- [EXERCISE OBJECTIVE]
Only the stretch of the listing below that runs from the line with "W. Coad.....more |" through the line with "Chelsea Boots piel" is to be printed, exactly and with both ends.

- [DATA TO PROCESS]
● ● ● ●
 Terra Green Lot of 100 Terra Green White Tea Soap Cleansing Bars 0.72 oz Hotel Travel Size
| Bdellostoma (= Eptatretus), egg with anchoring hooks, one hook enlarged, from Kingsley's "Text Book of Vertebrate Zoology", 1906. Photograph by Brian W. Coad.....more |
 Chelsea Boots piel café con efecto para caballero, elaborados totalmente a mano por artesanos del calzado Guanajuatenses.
● ● ● ●
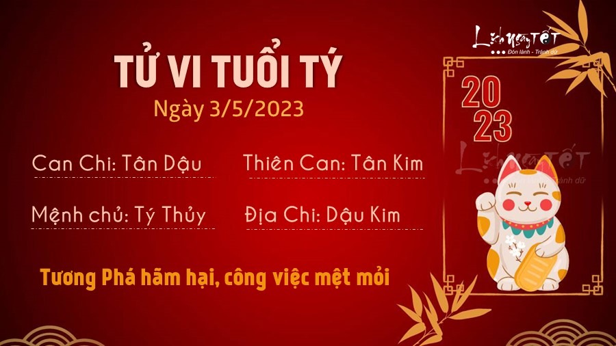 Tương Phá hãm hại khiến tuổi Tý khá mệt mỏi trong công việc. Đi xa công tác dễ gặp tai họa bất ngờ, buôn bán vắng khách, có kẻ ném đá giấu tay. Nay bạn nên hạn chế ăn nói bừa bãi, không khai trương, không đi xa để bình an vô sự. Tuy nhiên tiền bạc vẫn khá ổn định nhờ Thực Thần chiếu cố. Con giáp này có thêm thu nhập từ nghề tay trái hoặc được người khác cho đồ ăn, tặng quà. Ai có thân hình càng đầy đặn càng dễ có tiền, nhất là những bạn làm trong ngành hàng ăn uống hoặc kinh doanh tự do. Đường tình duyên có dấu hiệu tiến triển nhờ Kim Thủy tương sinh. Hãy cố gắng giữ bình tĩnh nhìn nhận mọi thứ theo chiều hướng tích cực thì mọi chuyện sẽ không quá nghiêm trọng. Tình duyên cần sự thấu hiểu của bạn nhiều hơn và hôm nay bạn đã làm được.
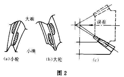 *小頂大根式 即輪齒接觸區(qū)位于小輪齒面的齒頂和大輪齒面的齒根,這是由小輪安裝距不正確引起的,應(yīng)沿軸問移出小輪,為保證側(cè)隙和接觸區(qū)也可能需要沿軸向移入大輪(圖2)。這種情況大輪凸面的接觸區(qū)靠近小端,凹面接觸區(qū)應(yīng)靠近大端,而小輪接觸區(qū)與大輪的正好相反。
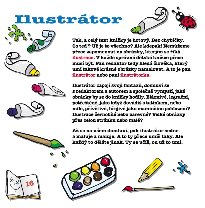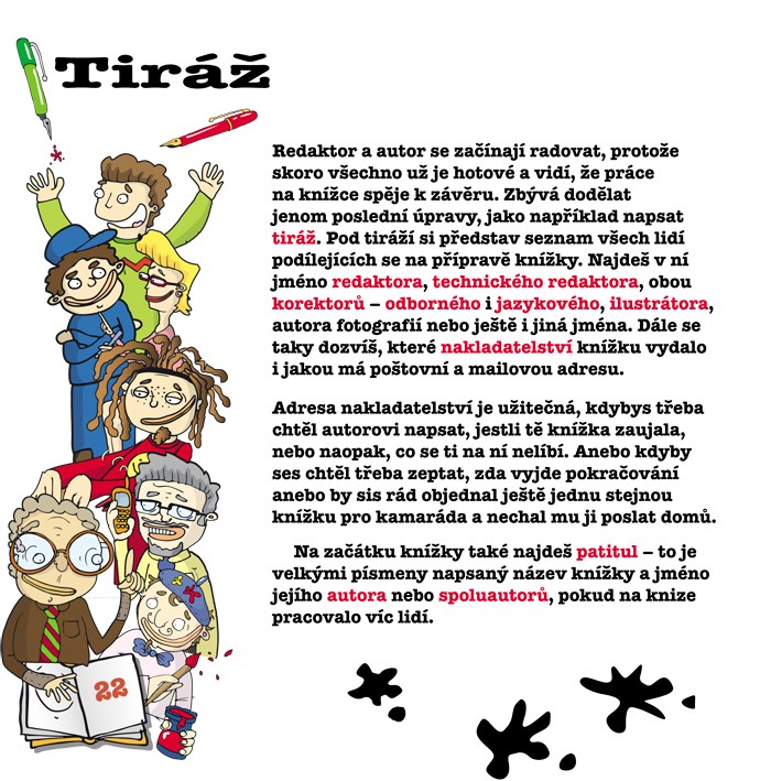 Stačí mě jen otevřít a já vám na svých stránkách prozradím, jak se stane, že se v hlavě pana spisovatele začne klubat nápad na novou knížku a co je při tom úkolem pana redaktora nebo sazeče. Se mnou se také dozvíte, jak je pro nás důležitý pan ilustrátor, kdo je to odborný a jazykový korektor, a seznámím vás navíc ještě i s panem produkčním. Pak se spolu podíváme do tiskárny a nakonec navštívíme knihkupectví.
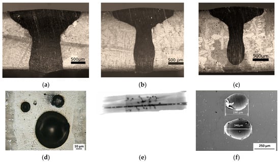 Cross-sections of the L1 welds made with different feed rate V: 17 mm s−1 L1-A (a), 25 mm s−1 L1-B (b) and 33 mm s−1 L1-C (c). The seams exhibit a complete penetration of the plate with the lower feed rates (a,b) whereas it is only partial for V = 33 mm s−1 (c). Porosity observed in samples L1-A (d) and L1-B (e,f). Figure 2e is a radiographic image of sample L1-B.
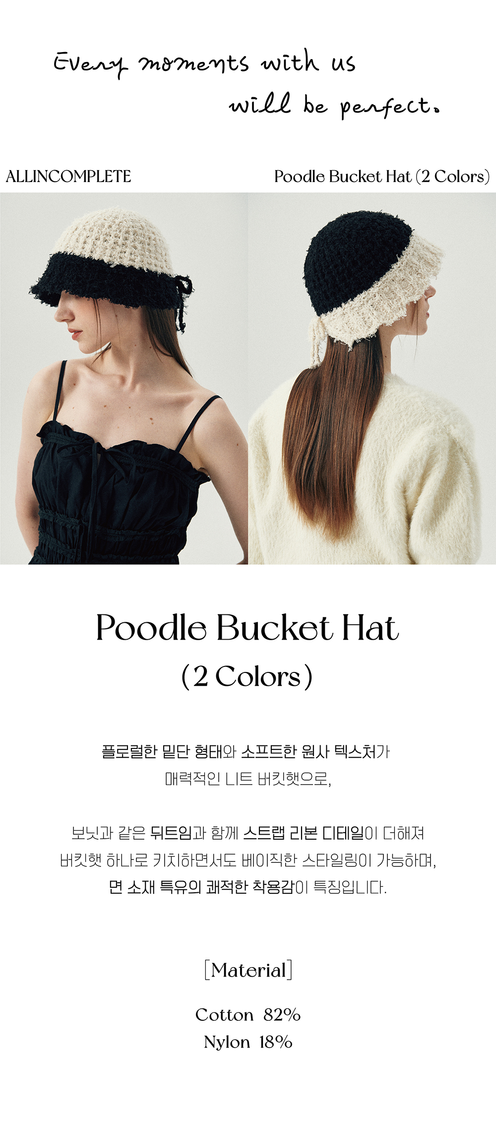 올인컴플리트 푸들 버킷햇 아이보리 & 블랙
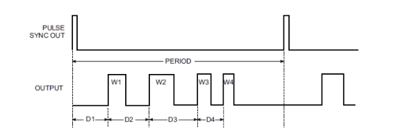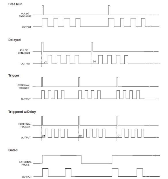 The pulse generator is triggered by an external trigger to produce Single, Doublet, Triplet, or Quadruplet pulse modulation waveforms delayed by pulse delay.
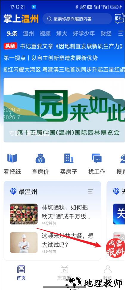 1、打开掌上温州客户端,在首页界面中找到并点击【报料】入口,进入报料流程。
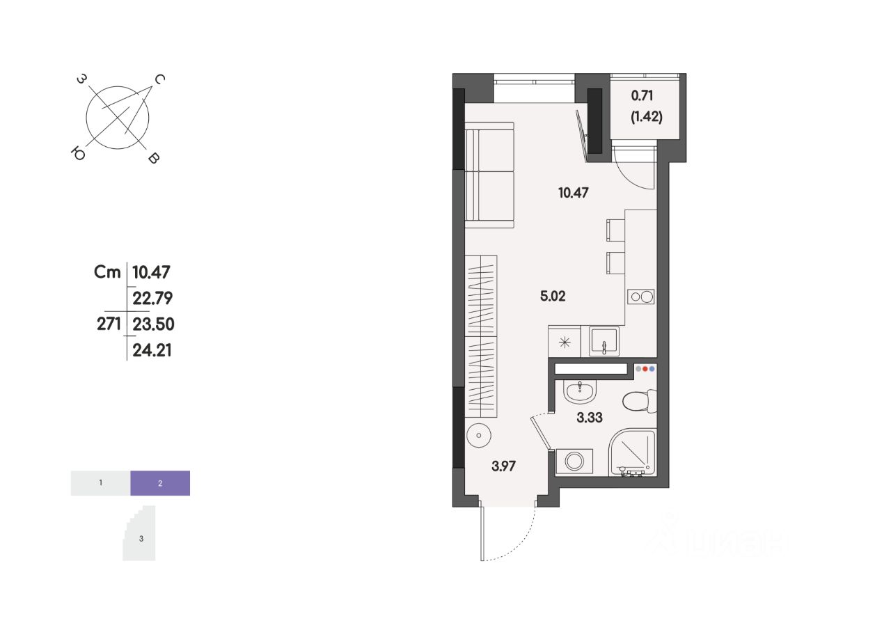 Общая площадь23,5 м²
● ● ● ●
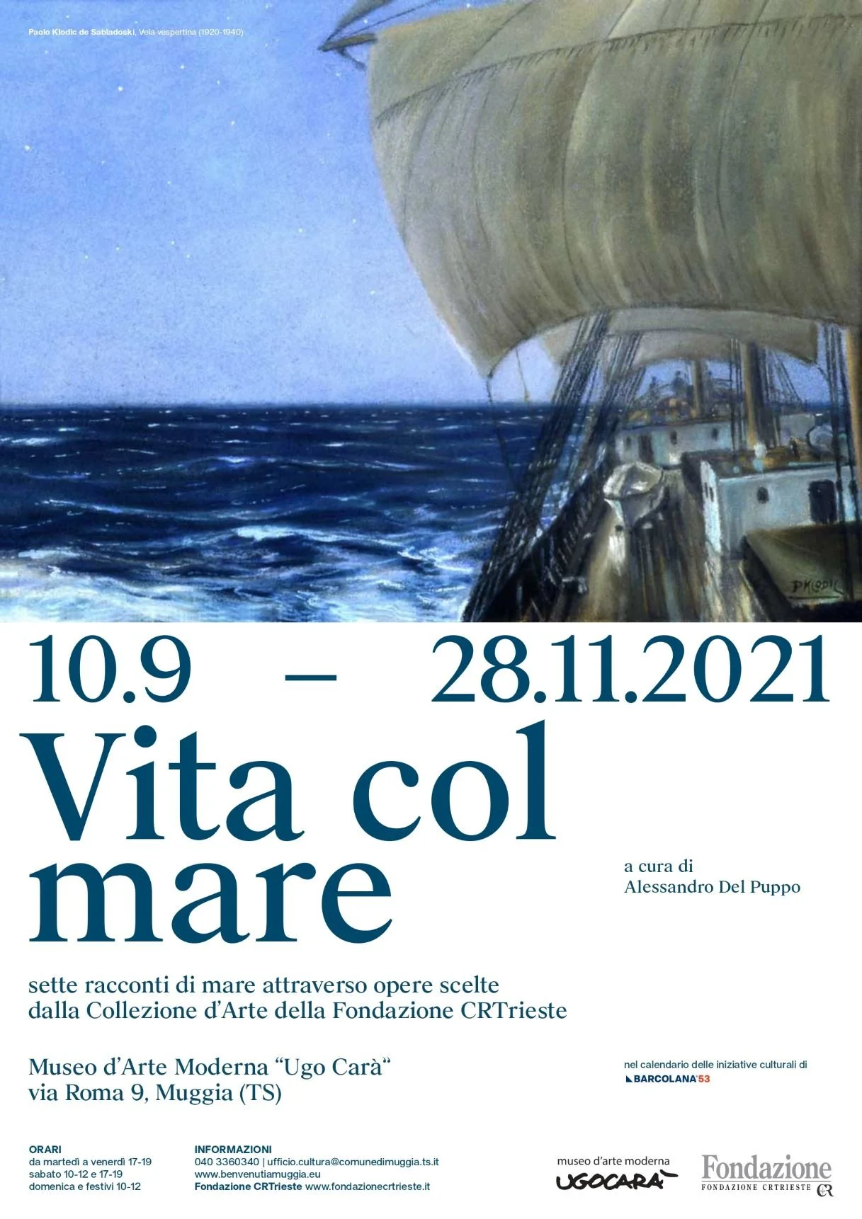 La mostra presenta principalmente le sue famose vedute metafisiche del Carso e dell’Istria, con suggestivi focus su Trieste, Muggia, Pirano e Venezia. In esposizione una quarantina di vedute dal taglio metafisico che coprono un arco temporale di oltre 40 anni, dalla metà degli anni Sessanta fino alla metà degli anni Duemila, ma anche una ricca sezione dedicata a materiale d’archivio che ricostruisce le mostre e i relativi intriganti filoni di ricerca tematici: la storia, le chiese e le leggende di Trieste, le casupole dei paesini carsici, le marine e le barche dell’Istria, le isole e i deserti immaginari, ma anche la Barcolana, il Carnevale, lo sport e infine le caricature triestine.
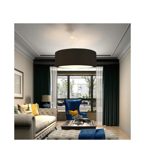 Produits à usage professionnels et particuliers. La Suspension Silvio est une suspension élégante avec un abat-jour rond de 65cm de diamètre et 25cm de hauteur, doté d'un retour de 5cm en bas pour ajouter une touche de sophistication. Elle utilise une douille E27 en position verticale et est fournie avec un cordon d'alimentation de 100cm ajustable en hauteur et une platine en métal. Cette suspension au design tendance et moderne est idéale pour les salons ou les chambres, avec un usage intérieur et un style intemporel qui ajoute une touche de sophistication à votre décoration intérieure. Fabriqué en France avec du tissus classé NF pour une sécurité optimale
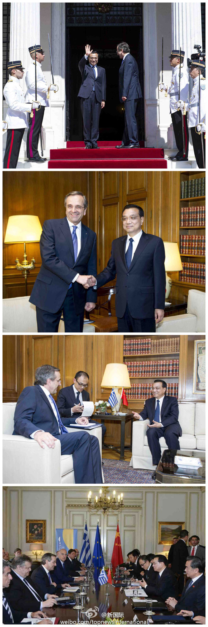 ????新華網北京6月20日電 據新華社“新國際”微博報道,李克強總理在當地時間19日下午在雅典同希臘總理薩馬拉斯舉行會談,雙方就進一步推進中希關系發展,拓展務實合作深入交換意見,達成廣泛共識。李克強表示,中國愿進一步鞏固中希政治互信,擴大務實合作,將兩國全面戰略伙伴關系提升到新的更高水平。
● ● ● ●
- [OUTPUT OF THE TASK]
| Bdellostoma (= Eptatretus), egg with anchoring hooks, one hook enlarged, from Kingsley's "Text Book of Vertebrate Zoology", 1906. Photograph by Brian W. Coad.....more |
 Chelsea Boots piel café con efecto para caballero, elaborados totalmente a mano por artesanos del calzado Guanajuatenses.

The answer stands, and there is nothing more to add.